Atomkraftgegner protestieren gegen Zwischenlager Gorleben

"Leichtbauhalle"

Rund 150 Atomkraftgegner haben am Samstag die Zufahrt zum atomaren Zwischenlager Gorleben besetzt. Drei Aktivisten der Umweltschutzorganisation Robin Wood seien auf das Gelände vorgedrungen, teilte die Initiative x-tausendmal quer mit. "Wir erwarten von der neuen Bundesregierung – gleich welcher Couleur -, dass sie die Pläne beerdigt, Gorleben zum atomaren Endlager zu machen. Der Standort ist ungeeignet. Die Atommüll transporte nach Gorleben müssen gestoppt werden", forderte Bettina Dannheim von Robin Wood.

"Noch immer produzieren 17 Atomkraftwerke in Deutschland tagtäglich Atommüll, der für Millionen Jahre tödlich strahlt", so Robin Wood. Ein sicheres Endlager dafür gebe es nicht und kann es nach Auffassung der Umweltorganisation in Gorleben auch nie geben. "Der dortige Salzstock ist wegen mangelnder Dichtigkeit dafür nicht geeignet. Trotzdem beharren die Atomkonzerne darauf, den Müll für immer dort zu versenken."

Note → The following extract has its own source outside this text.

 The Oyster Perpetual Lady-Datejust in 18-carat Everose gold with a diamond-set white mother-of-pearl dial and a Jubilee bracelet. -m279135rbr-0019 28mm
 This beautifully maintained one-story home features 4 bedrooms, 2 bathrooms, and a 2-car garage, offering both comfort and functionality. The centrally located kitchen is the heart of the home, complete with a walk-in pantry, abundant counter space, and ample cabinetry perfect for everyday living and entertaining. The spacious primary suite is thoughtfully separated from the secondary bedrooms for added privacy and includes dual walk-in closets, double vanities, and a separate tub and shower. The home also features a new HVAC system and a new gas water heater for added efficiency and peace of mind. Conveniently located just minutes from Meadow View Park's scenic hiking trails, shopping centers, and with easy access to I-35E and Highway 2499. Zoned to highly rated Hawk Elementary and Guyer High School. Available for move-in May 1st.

Auf dem Zwischenlagergelände in Gorleben befänden sich in einer Leichtbauhalle – nur 300 Meter von der Endlagerbaustelle entfernt - schon jetzt 56 Behälter mit hoch radioaktivem Abfall. Die Genehmigung für den gefährlichen Transport der nächsten zwölf CASTOR-Behälter aus der französischen Plutoni­umfabrik La Hague liege bereits vor. Robin Wood rechnet mit einem nächsten Transport Mitte November. Etwa 100 weitere Behälter mit Glaskokillen sollen offenbar in den nächsten Jahren folgen.

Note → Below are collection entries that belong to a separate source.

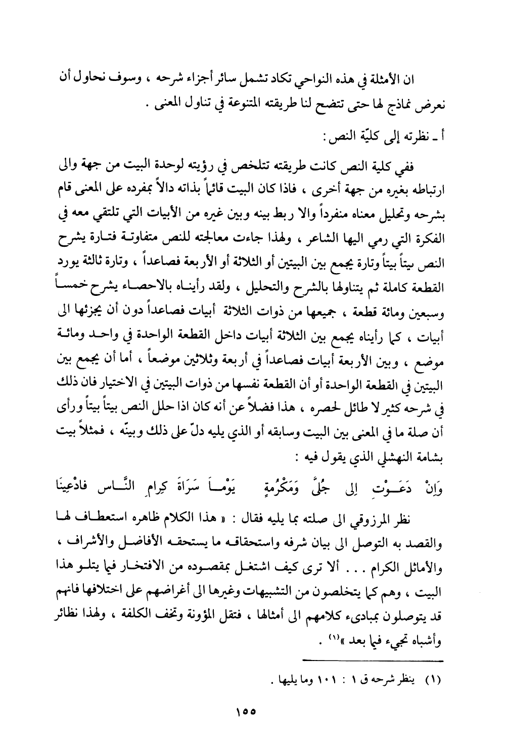ففي كلية النص كانت طريقته تتلخص في رؤيته لوحدة البيت من جهة وإلى ارتباطه بغيره من جهة أخرى, فإذا كان البيت قائمًا بذاته دالًا بمفرده على المعنى قام بشرحه وتحليل معناه منفردًا وإلا ربط بينه وبين غيره من الأبيات التي تلتقي معه في الفكرة التي رمي إليها الشاعر, ولهذا جاءت معالجته للنص متفاوتة فتارة يشرح النص بيتًا بيتًا وتارة يجمع بين البيتين أو الثلاثة أو الأربعة فصاعدًا, وتارة ثالثة يورد القطعة كاملة ثم يتناولها بالشرح والتحليل, ولقد رأيناه بالإحصاء يشرح خمسًا سوبعين ومائة قطعة, جميعها من ذوات الثلاثة أبيات فصاعدًا دون أن يجزئها إلى أبيات, كما رأيناه يجمع بين الثلاثة أبيات داخل القطعة الواحدة في واحد ومائة موضع, وبين الأربعة أبيات فصاعدًا في أربعة وثلاثين موضعًا, أما أن يجمع بين البيتين في القطعة الواحدة أو أن القطعة نفسها من ذوات البيتين في الاختيار فإن ذلك في شرحه كثير لا طائل لحصره, هذا فضلًا عن أنه كان إذا حلل النص بيتًا بيتًا ورأى أن صلة ما في المعنى بين البيت وسابقه أو الذي يليه دل ذلك وبينه, فمثلًا بيت بشامة النهشلي الذي يقول فيه: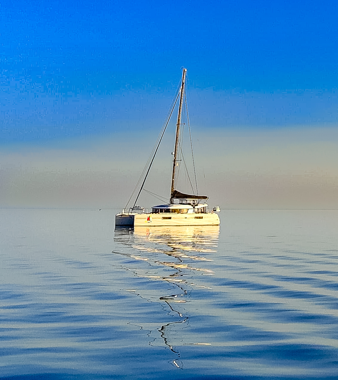 La navigation est facile avec du vent portant et une mer calme favorisant une bonne vitesse moyenne, 7 nœuds, malgré des périodes d’accalmie parcourues avec un moteur.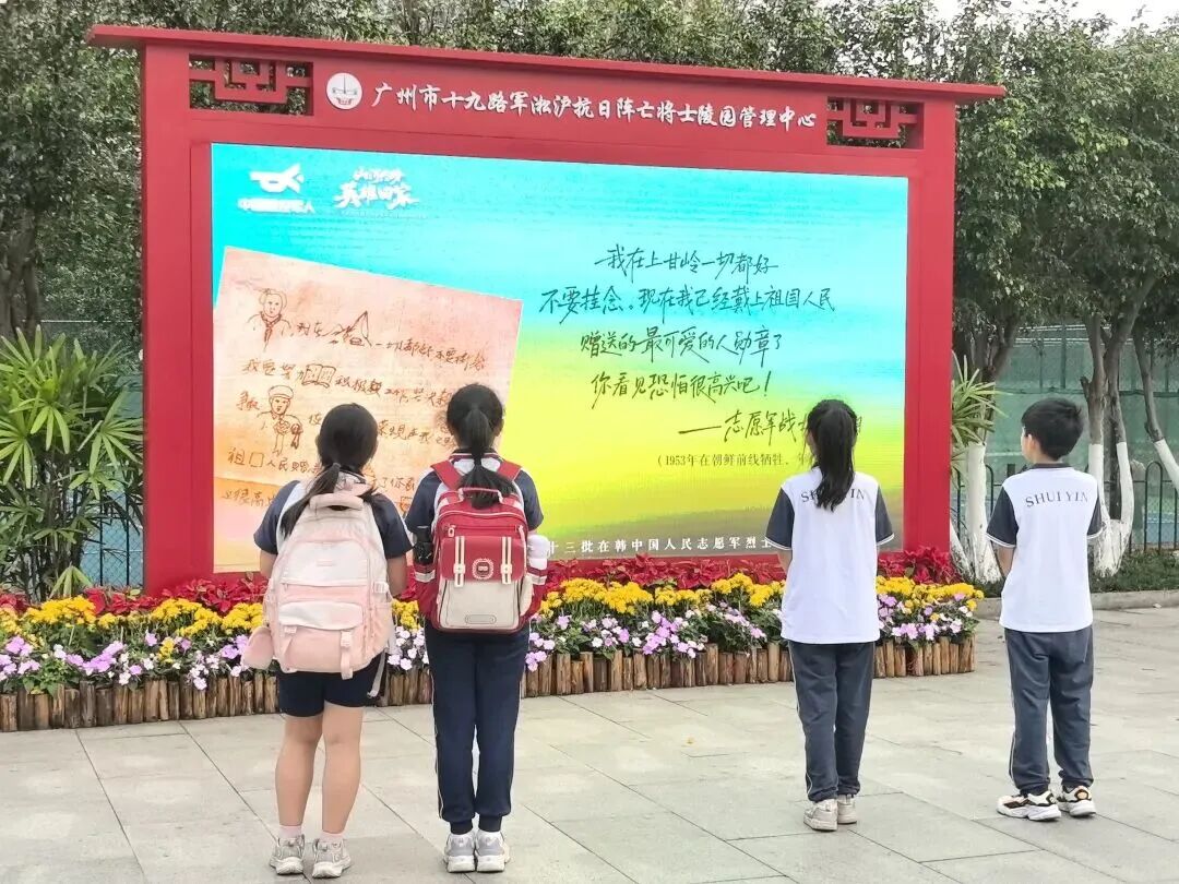 广州市退役军人事务局联动广州起义烈士陵园、广州十九路军淞沪抗日阵亡将士陵园管理中心、广州市黄花岗公园开展线上线下相结合的纪念活动,邀请市民通过献花、留言等方式表达对志愿军烈士的深切缅怀,并组织三个陵园持续开展“点亮行动”,在户外广场大屏等区域LED显示屏高频次滚动播放主题宣传内容,点亮志愿军忠烈的回家路,以崇高敬意接迎志愿军忠烈回家!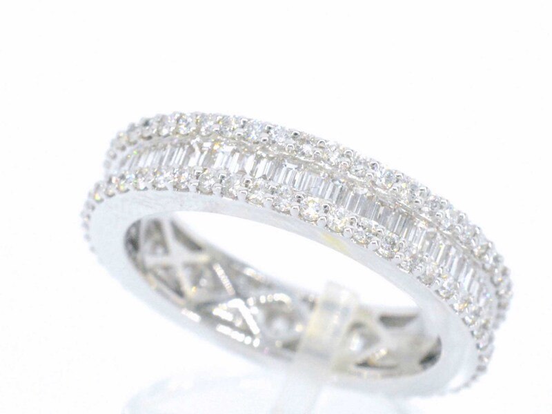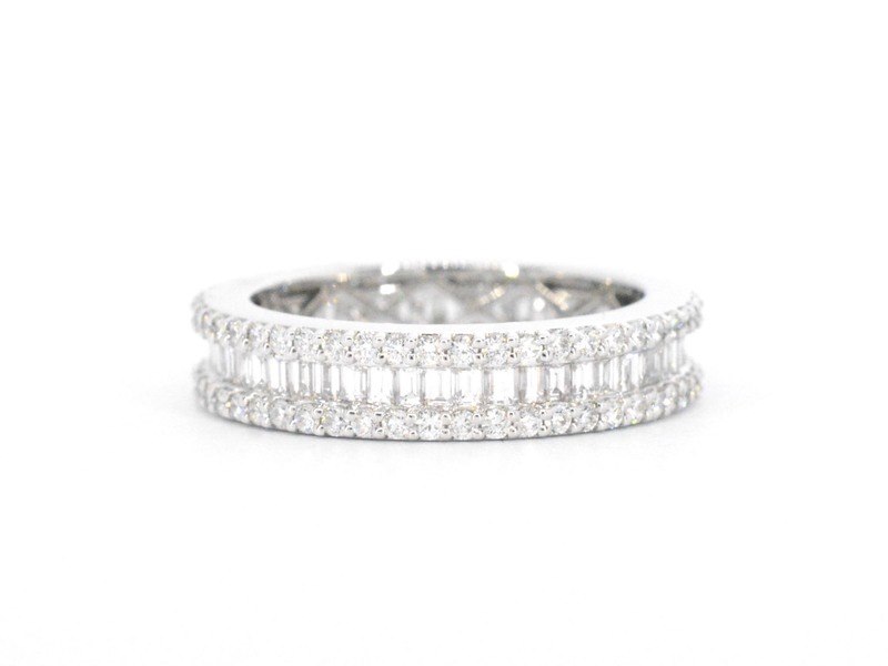 Product: Witgouden ring met briljant en baguette diamanten Specificaties: Diamant: Natuurlijk Slijpvorm: Briljant geslepen en baguette geslepen Gewicht (carat): 3.00 carat Kleur: F-G Zuiverheid: VS Slijpkwaliteit: Zeer mooi Juweel: Ring Gewicht: 5 gram Ringmaat (op maat gemaakt*): 53 (17 mm) Materiaal: 18K goud (750) Conditie: Nieuw Verpakking: Luxe sieradendoos Toelichting: De kwaliteit is overgenomen van het rapport behorend bij item. De waardebepaling is een beoordeling van een gecertificeerde diamantair, gebaseerd op consumentenprijzen. Consumentenprijs: € 16.870,-

"Nicht in Sicht ist, dass sich die Atompolitik nach der Bundestagswahl endlich bessert", so Robin Wood. Die Organisation fordert "den sofortigen Ausstieg aus der Atomenergie". Der Weiterbetrieb der Atomkraftwerke blockiere die dringend notwendigen Investitionen in den Ausbau der erneuerbaren Energien aus Sonne, Wind, Wasser und Biomasse. "Der persönliche Atomausstieg ist hingegen schnell und einfach machbar", so Dannheim. "StromkundInnen können der Atomlobby den Rücken kehren und zu einem Öko-Stromanbieter wechseln."